Prince Fortinbras- Page 15 Act 1 Sc 1
“Now, sir, young Fortinbras,
Of unimproved mettle hot and full,
Hath in the skirts of Norway here and there
Sharked up a list of lawless resolutes
For food and diet, to some enterprise
That hath a stomach in ‘t; which is no other
(As it do well appear unto our state)
But to recover of us, by strong hand
And terms compulsatory, those foresaid lands
So by his father lost.”

Prince Fortinbras tries to take the land in which his father lost to Hamlet. He is doing this to get revenge, which all leads back to Old Hamlet’s death. In this quote, Fortinbras is trying to act like a “hero”, that he is set on what he is doing and is sure it’s going to work. Also, the last line, “So by his father lost”, is a perfect place to close this quote because it’s very blatant and indirectly explains that the whole point of doing what’s about to happen, is because of his father’s death.

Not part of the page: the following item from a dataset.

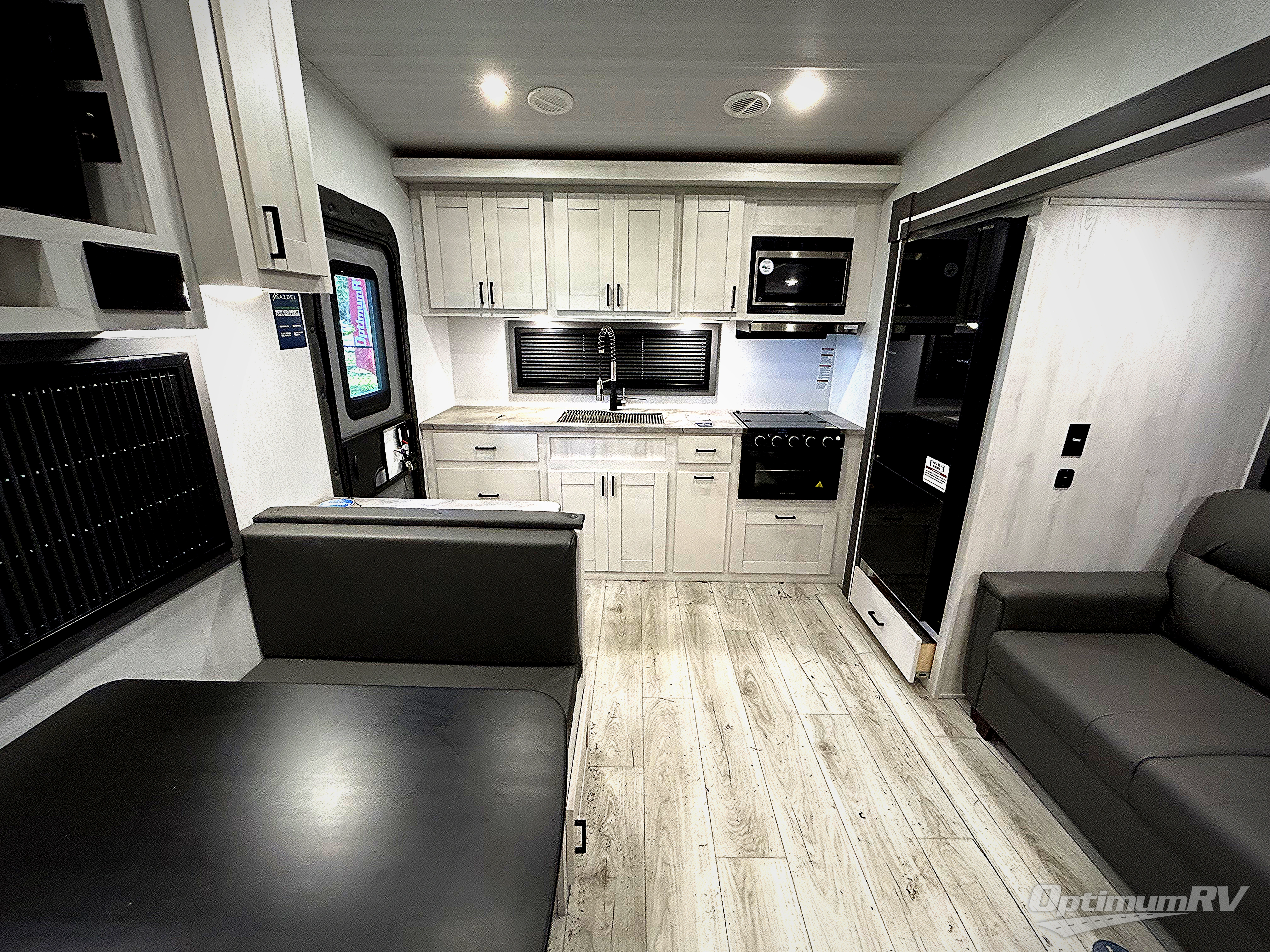 This fifth wheel is perfect for a couple who wishes to escape the hustle and bustle of everyday life! The front private bedroom has a king bed with storage underneath to store extra blankets and a TV prep area for extra entertainment. Freshen up each morning in the full bathroom with the 30" x 36" shower with a skylight for added natural lighting. The rear kitchen has everything you need to prepare your best home cooked meals and a 10 cu. ft. refrigerator to keep your perishables fresh. The booth dinette offers a comfortable place to enjoy your meals, play games, and even transform into an extra sleeping space. Across from the 78" theater seating is a 50" TV at the entertainment center above the dinette. You also have a shoe storage area and overhead cabinets throughout to keep your items out of the way!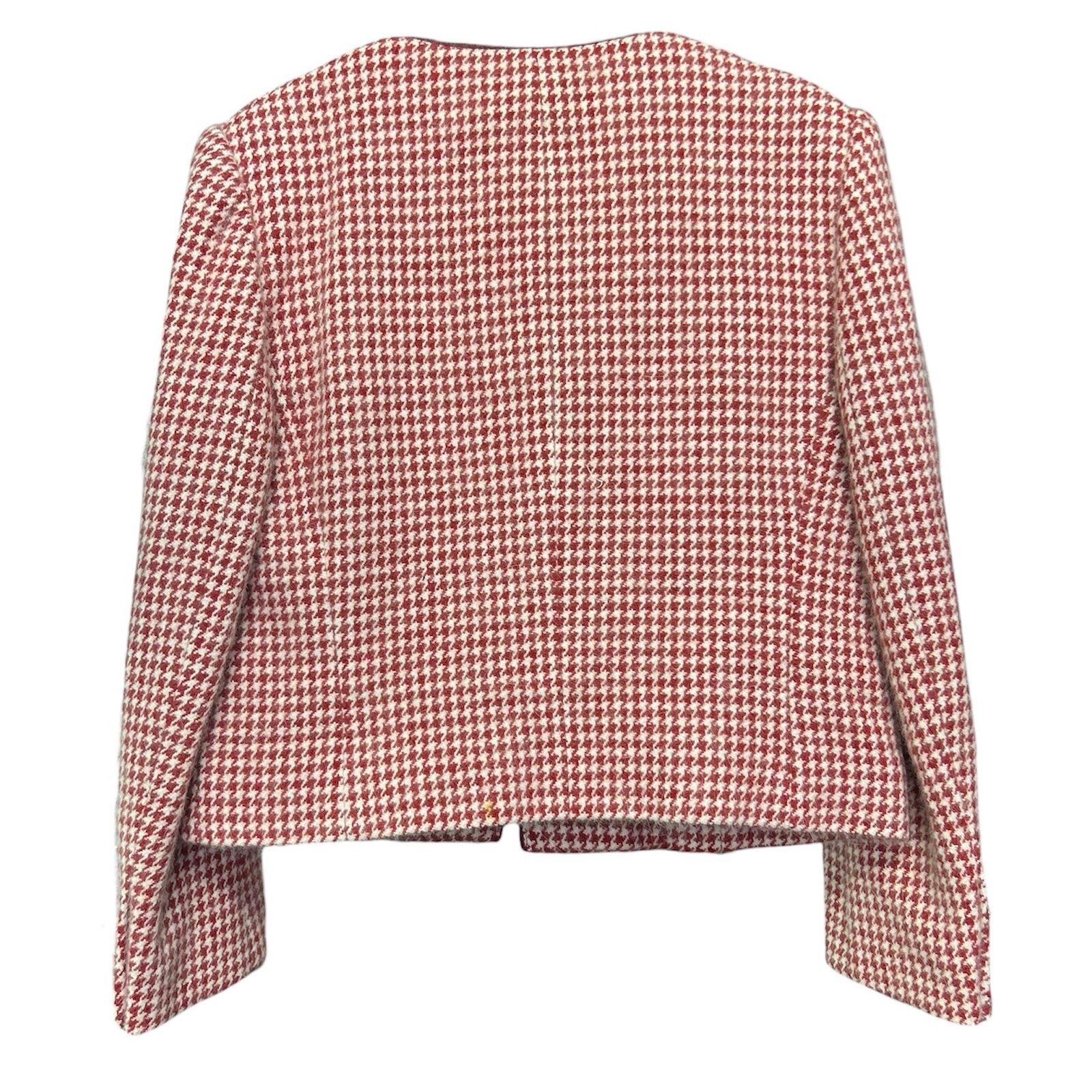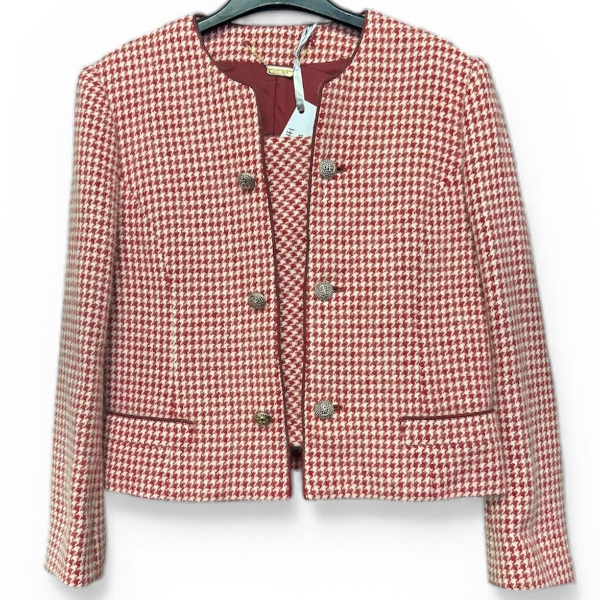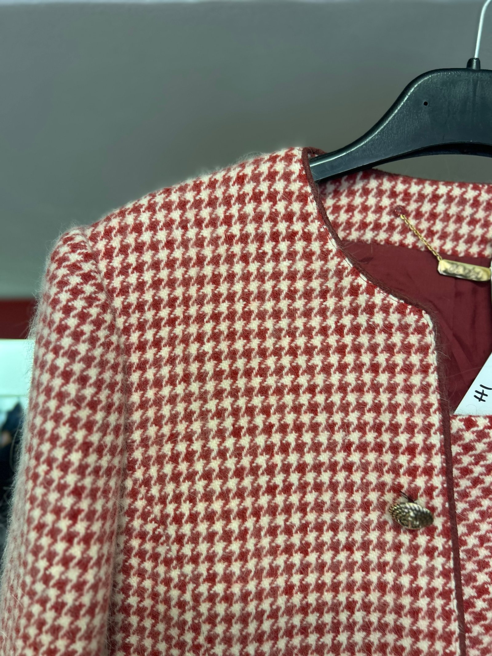 In fantasia pied de poule rossa e bianca, con taschine davanti

Queen Gertrude- Page 25 Act 1 Sc 2
“Good Hamlet, cast thy nighted color off,
And let thine eye look like a friend on Denmark.
Do not forever with thy vailed lids
Seek for thy noble father in the dust.
Thou know’st ‘tis common; all that lives must die,
Passing through nature to eternity.”

Hamlet’s mother, Queen Gertrude, tells him to stop complaining, and to try to stop thinking about his father. She says death is common, but Hamlet will still continue to struggle with the loss of his father throughout the rest of my play. Hamlet’s haunted by his father’s ghost, so obviously it’s going to be very difficult to get rid of those thoughts. “All lives must die”, is something he’ll need to learn to realize.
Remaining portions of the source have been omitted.